* [What is expected]: Return the run of lines below that opens with the line containing "kuchyně a chodby." and closes with the line containing "2009年的另一項研究中,尖", keeping each one exact.

* [Data excerpts]:
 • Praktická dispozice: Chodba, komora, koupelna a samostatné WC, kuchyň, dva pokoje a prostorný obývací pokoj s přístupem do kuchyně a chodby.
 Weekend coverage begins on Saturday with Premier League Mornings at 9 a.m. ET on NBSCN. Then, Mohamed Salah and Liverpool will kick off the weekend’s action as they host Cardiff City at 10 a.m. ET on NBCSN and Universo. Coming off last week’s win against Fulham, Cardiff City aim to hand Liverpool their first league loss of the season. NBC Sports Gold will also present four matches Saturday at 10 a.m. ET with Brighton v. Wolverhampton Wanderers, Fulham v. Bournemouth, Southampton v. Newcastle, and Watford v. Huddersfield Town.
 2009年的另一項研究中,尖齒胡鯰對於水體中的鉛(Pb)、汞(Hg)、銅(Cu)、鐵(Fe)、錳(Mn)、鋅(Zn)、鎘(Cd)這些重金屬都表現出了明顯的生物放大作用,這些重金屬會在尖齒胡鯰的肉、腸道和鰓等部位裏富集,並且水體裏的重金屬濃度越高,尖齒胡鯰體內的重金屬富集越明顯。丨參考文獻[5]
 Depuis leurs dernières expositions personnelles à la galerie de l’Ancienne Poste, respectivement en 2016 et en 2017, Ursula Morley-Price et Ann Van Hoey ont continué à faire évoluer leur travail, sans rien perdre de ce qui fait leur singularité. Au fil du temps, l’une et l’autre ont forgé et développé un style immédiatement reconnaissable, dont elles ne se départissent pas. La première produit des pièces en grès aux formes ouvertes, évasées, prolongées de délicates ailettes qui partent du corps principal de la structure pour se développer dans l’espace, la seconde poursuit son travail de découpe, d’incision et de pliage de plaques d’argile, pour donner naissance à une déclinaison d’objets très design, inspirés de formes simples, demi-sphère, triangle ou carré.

--

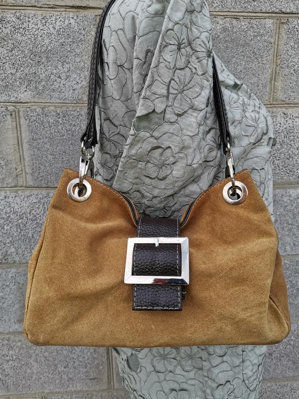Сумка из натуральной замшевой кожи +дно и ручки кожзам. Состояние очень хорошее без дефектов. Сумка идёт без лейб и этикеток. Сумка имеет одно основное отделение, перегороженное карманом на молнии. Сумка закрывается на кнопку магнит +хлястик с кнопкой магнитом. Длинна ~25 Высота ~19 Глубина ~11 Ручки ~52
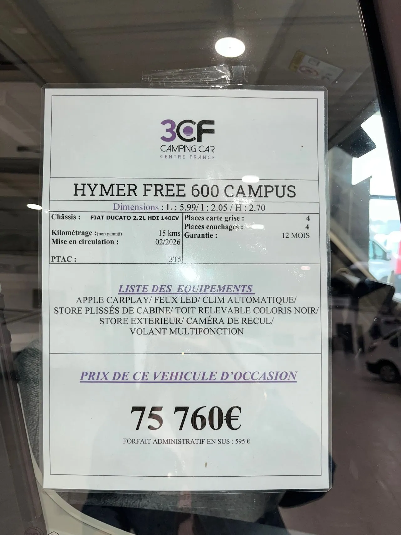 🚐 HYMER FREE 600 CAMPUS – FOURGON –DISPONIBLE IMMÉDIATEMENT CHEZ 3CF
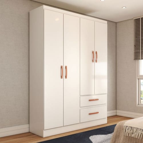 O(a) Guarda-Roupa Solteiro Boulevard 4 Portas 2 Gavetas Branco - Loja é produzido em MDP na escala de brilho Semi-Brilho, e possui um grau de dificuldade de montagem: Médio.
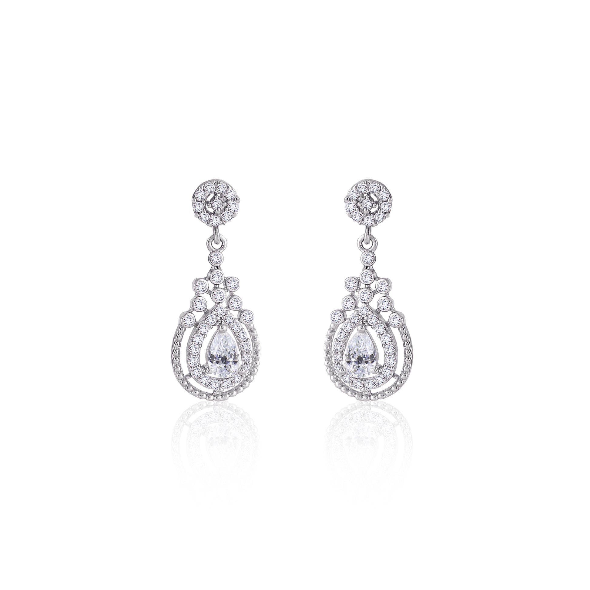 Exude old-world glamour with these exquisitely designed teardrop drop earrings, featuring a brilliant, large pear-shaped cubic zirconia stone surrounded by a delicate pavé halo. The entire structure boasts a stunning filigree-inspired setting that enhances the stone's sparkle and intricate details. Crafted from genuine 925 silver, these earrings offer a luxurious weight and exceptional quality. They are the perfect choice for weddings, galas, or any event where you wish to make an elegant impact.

* * *

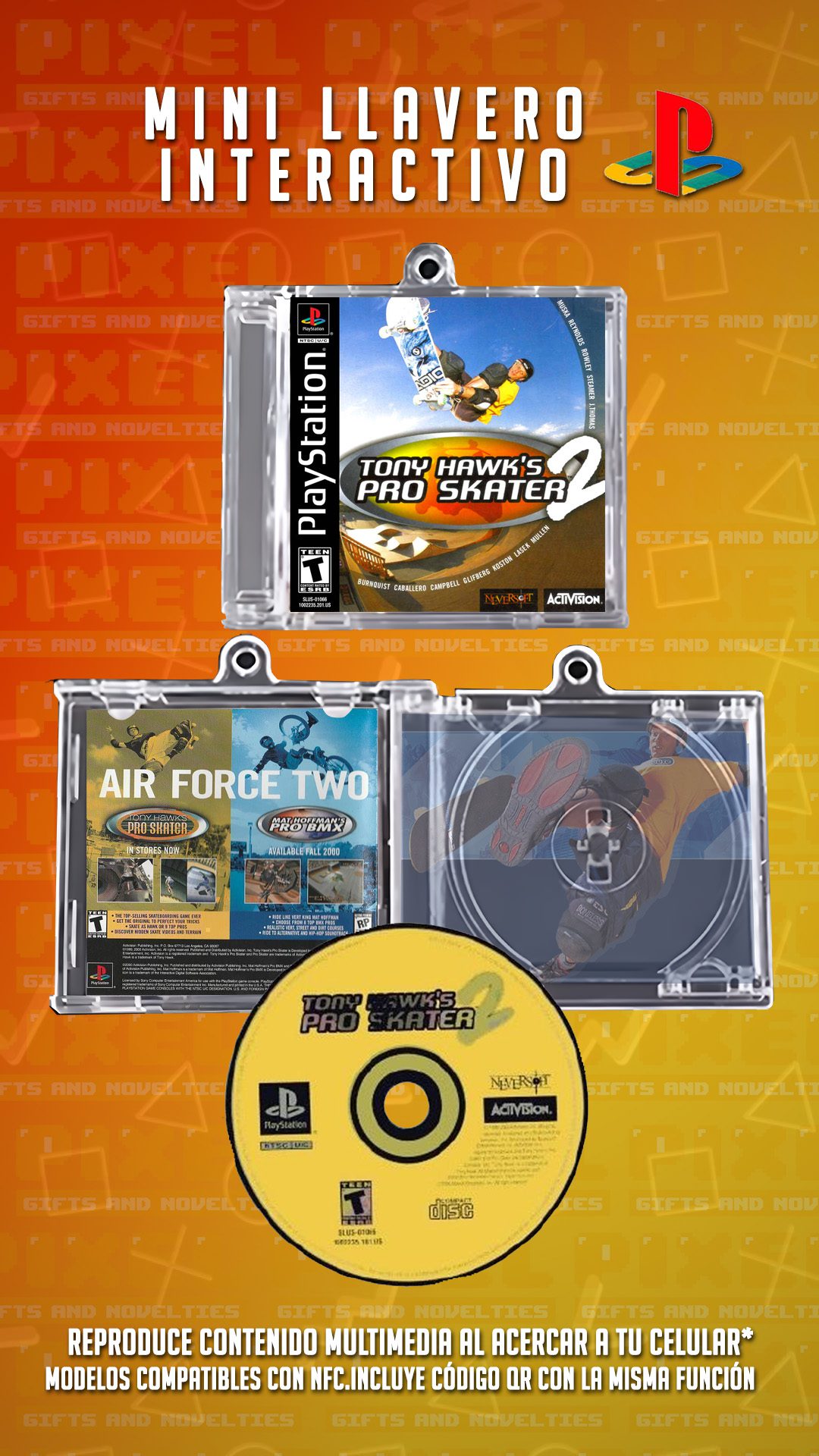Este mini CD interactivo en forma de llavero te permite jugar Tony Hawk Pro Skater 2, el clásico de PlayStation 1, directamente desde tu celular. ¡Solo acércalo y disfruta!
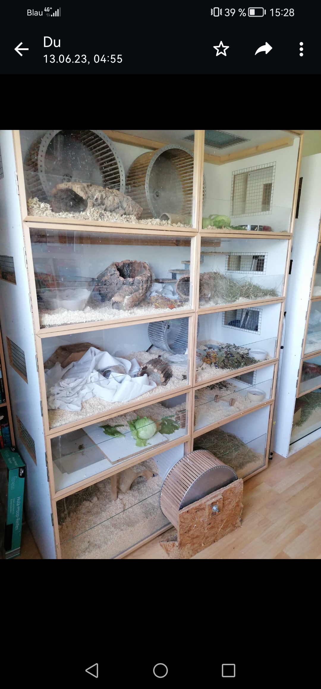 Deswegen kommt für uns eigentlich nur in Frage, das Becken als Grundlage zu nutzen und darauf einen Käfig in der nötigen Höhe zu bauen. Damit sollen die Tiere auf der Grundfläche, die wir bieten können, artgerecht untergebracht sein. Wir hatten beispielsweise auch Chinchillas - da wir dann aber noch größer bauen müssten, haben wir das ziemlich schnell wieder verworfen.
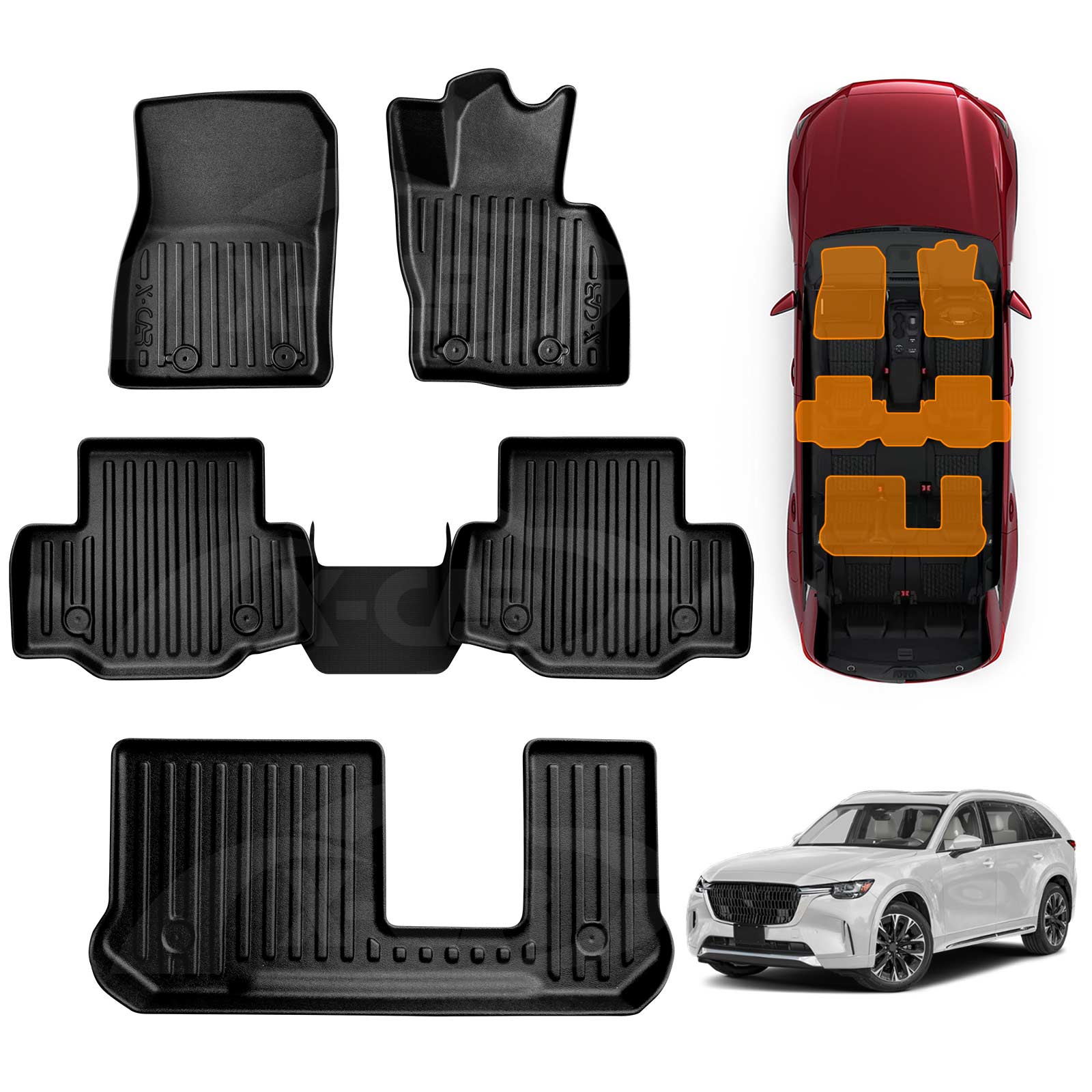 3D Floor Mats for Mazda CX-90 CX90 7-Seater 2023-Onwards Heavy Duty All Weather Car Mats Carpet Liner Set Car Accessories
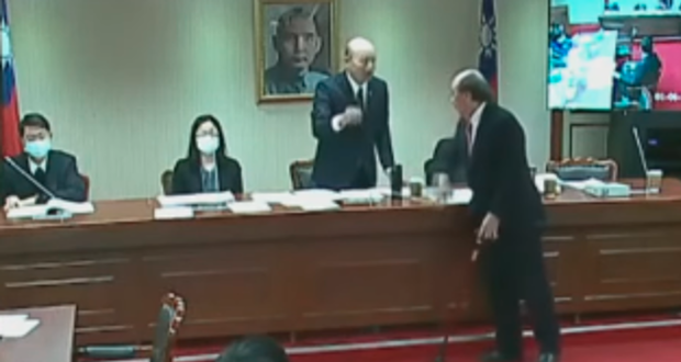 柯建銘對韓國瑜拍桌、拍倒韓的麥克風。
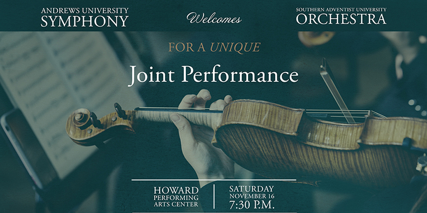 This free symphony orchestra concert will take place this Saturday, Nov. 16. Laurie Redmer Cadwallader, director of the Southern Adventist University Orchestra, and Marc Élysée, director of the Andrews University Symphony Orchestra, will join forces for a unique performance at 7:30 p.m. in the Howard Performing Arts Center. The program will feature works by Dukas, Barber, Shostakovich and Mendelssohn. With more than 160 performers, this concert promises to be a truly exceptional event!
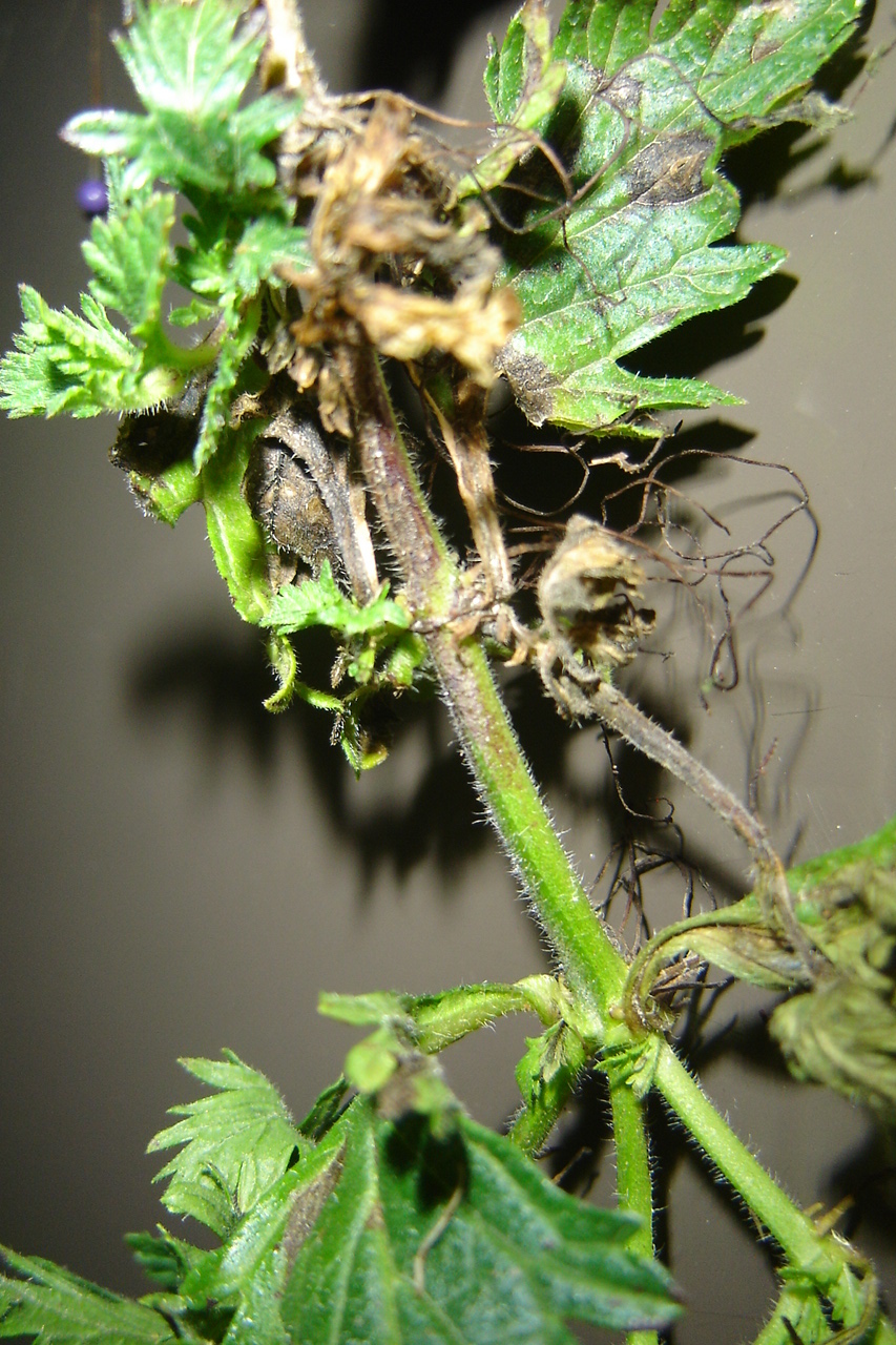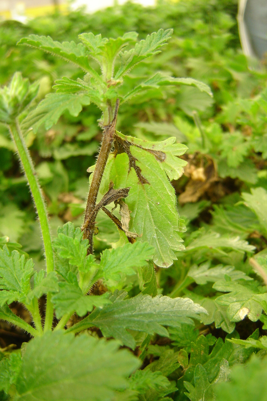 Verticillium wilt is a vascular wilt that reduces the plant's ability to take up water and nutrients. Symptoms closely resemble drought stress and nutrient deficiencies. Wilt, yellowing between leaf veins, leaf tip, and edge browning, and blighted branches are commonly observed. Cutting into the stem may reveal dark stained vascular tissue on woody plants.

* [Worked solution]:
 • Praktická dispozice: Chodba, komora, koupelna a samostatné WC, kuchyň, dva pokoje a prostorný obývací pokoj s přístupem do kuchyně a chodby.
 Weekend coverage begins on Saturday with Premier League Mornings at 9 a.m. ET on NBSCN. Then, Mohamed Salah and Liverpool will kick off the weekend’s action as they host Cardiff City at 10 a.m. ET on NBCSN and Universo. Coming off last week’s win against Fulham, Cardiff City aim to hand Liverpool their first league loss of the season. NBC Sports Gold will also present four matches Saturday at 10 a.m. ET with Brighton v. Wolverhampton Wanderers, Fulham v. Bournemouth, Southampton v. Newcastle, and Watford v. Huddersfield Town.
 2009年的另一項研究中,尖齒胡鯰對於水體中的鉛(Pb)、汞(Hg)、銅(Cu)、鐵(Fe)、錳(Mn)、鋅(Zn)、鎘(Cd)這些重金屬都表現出了明顯的生物放大作用,這些重金屬會在尖齒胡鯰的肉、腸道和鰓等部位裏富集,並且水體裏的重金屬濃度越高,尖齒胡鯰體內的重金屬富集越明顯。丨參考文獻[5]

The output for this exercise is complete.